TASK TO CARRY OUT: Every line below must be reproduced exactly; no pictures are to be included.

DATA BELOW:
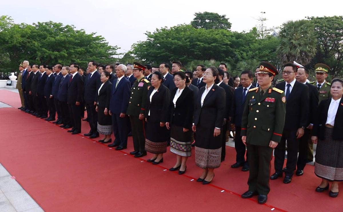 ການນຳ ພັກ-ລັດ ວາງພວງມາລາ ໂອກາດ ວັນສ້າງຕັ້ງພັກ ປປ ລາວ ຄົບຮອບ 71 ປີ
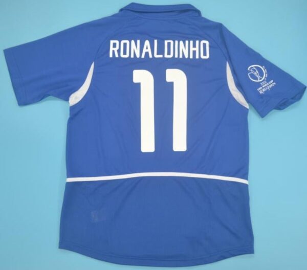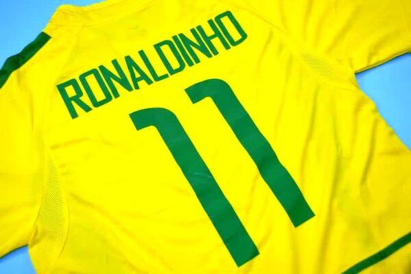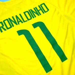 Step back into football history with this legendary yellow jersey worn by Ronaldinho, Ronaldo, Rivaldo, and Cafu during Brazil’s unforgettable triumph in Japan and South Korea.
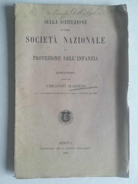 In 16 (cm 13 x 20), pp. 42 + (4) con tabelle + (2) di pubblicita' editoriale. Pagine intonse e ancora chiuse. Bordo esterno verticale dei fogli leggermente sollevato. Brossura editoriale con omaggio autografo al piatto anteriore. Discorso tenuto dall'Autore in occasione del secondo Congresso di pediatria di Napoli dell'ottobre del 1892. Virginio Massini fu medico pediatra capo al Brefotrofio di Genova.
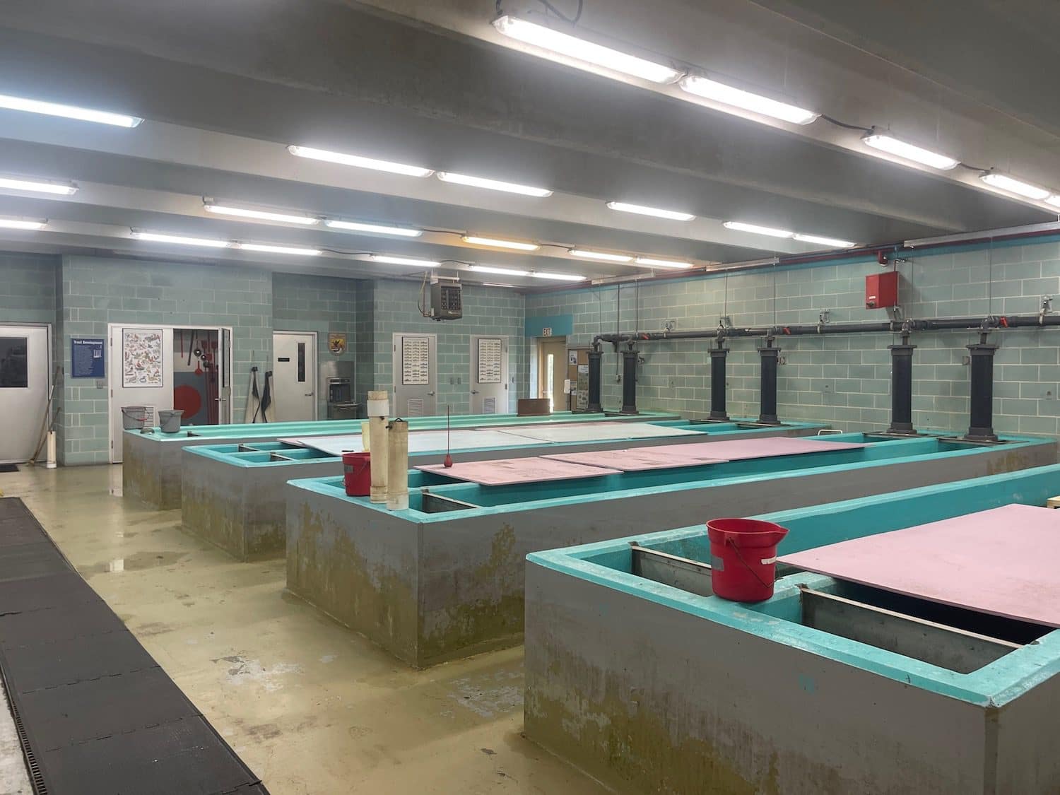 Once you finish going through the Visitor Center, you can walk through the fish hatchery building where they are growing trout from eggs.

FINISHED TASK:
 ການນຳ ພັກ-ລັດ ວາງພວງມາລາ ໂອກາດ ວັນສ້າງຕັ້ງພັກ ປປ ລາວ ຄົບຮອບ 71 ປີ
 Step back into football history with this legendary yellow jersey worn by Ronaldinho, Ronaldo, Rivaldo, and Cafu during Brazil’s unforgettable triumph in Japan and South Korea.
 In 16 (cm 13 x 20), pp. 42 + (4) con tabelle + (2) di pubblicita' editoriale. Pagine intonse e ancora chiuse. Bordo esterno verticale dei fogli leggermente sollevato. Brossura editoriale con omaggio autografo al piatto anteriore. Discorso tenuto dall'Autore in occasione del secondo Congresso di pediatria di Napoli dell'ottobre del 1892. Virginio Massini fu medico pediatra capo al Brefotrofio di Genova.
 Once you finish going through the Visitor Center, you can walk through the fish hatchery building where they are growing trout from eggs.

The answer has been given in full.